_What is needed:_
Could you restate word for word only the lines below from the one holding "蒋劲夫工作室回应:已主动联系日本警方配合调查" to the one holding "Całą dobę można", inclusive, and leave out the pictures?

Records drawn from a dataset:
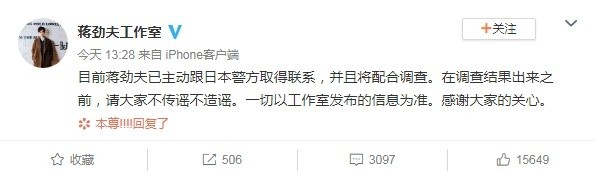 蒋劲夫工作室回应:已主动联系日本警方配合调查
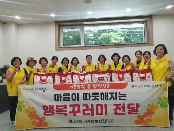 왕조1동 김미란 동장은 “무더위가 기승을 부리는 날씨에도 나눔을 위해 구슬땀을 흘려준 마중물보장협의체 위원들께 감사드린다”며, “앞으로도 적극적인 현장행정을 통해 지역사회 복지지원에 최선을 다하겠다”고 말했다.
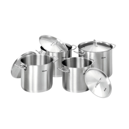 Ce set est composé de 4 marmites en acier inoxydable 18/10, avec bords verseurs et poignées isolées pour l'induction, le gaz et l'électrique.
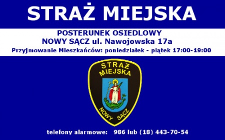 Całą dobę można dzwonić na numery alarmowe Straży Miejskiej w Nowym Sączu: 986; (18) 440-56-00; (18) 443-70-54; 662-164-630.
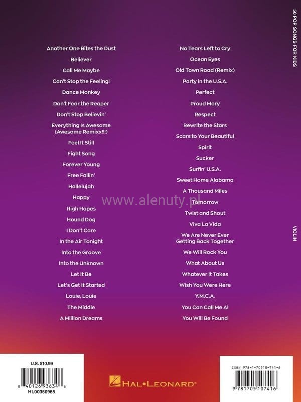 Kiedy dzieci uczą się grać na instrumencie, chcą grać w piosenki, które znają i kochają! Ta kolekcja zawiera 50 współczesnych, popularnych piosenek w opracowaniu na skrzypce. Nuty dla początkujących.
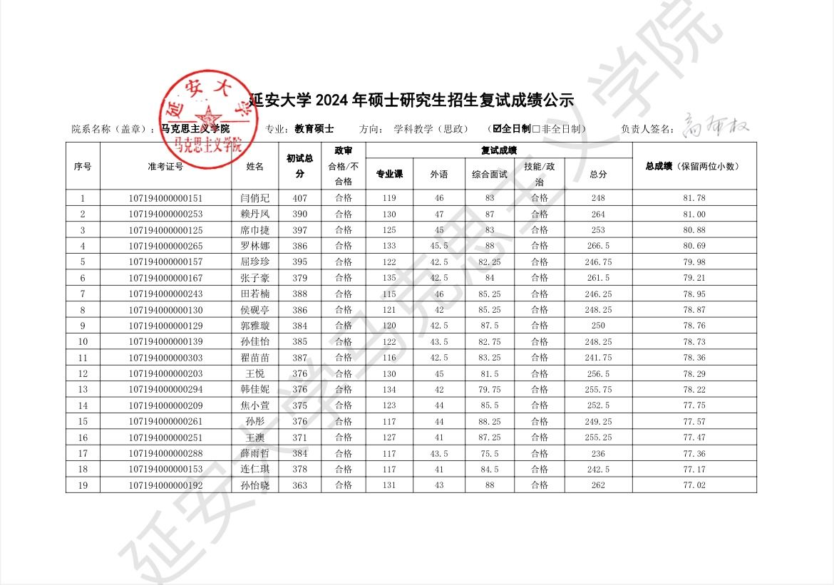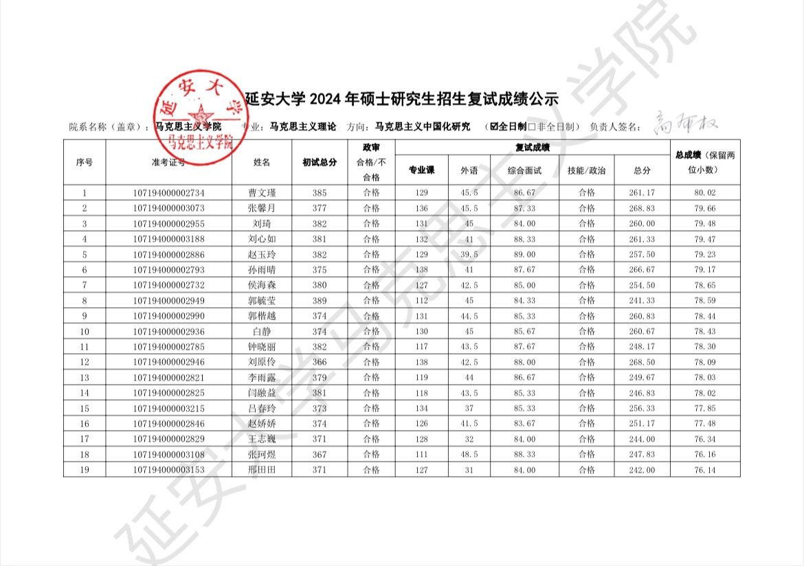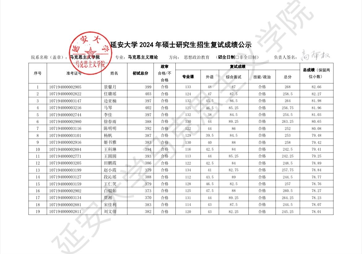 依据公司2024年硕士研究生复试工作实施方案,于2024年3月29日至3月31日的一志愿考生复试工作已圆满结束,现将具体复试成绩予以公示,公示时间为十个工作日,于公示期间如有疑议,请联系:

* * *

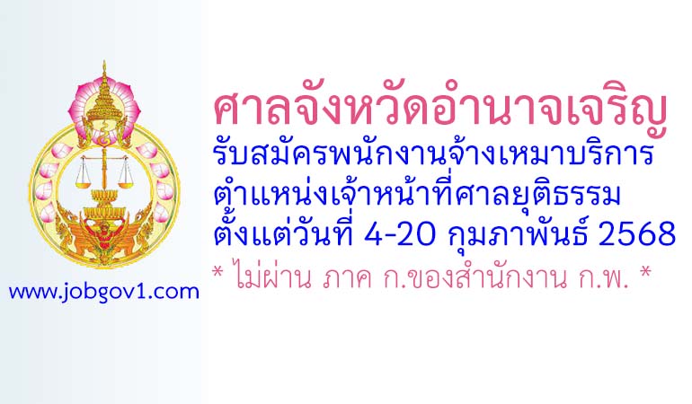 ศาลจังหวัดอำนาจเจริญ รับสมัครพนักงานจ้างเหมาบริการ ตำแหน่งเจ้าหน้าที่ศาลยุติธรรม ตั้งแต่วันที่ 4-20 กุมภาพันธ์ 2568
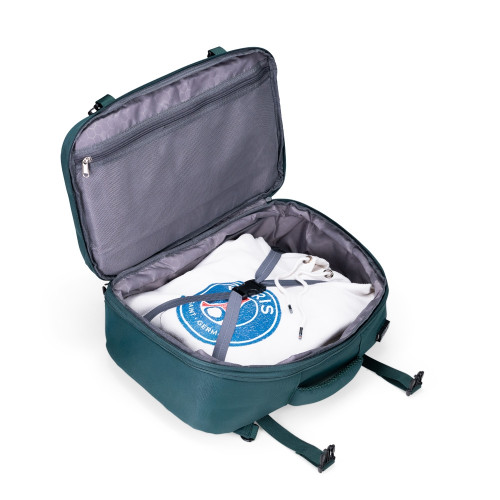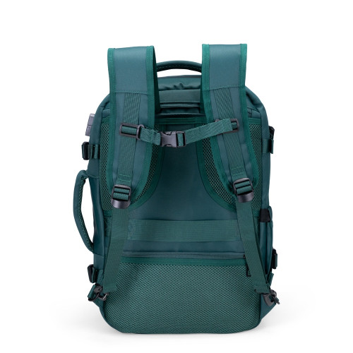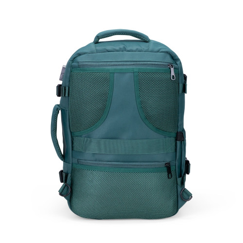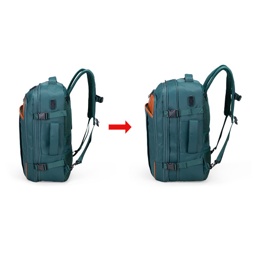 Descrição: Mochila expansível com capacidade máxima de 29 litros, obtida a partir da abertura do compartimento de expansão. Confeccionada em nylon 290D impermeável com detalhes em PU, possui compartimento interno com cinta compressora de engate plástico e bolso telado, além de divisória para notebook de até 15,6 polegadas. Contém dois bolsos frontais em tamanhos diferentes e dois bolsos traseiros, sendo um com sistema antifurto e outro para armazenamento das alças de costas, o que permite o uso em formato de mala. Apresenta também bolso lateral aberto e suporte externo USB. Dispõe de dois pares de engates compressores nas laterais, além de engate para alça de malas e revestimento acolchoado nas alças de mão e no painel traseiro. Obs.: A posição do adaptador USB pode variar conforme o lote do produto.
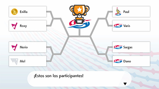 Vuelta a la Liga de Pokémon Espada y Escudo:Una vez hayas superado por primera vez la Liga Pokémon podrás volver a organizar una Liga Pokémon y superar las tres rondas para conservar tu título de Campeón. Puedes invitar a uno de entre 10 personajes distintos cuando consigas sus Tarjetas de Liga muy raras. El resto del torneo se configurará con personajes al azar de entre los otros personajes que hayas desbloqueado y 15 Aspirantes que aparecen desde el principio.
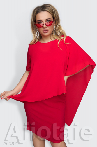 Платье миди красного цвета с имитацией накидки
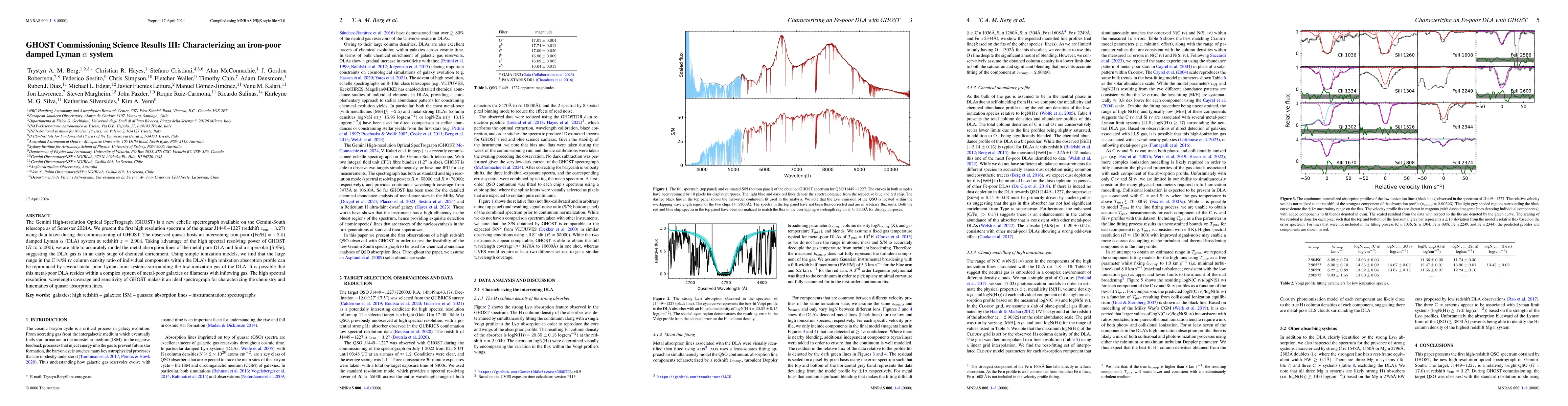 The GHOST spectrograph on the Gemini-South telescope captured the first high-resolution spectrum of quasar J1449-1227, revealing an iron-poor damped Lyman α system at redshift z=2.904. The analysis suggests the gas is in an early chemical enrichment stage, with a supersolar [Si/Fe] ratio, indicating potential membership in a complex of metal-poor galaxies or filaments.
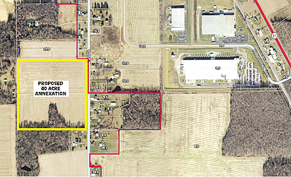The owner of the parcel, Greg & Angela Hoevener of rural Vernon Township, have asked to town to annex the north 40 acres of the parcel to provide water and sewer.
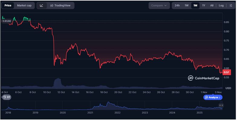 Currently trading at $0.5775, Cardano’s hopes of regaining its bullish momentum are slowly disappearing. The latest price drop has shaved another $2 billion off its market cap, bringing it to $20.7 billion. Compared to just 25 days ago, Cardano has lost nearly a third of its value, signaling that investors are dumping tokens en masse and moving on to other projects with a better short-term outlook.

_Exercise output:_
 蒋劲夫工作室回应:已主动联系日本警方配合调查
 왕조1동 김미란 동장은 “무더위가 기승을 부리는 날씨에도 나눔을 위해 구슬땀을 흘려준 마중물보장협의체 위원들께 감사드린다”며, “앞으로도 적극적인 현장행정을 통해 지역사회 복지지원에 최선을 다하겠다”고 말했다.
 Ce set est composé de 4 marmites en acier inoxydable 18/10, avec bords verseurs et poignées isolées pour l'induction, le gaz et l'électrique.
 Całą dobę można dzwonić na numery alarmowe Straży Miejskiej w Nowym Sączu: 986; (18) 440-56-00; (18) 443-70-54; 662-164-630.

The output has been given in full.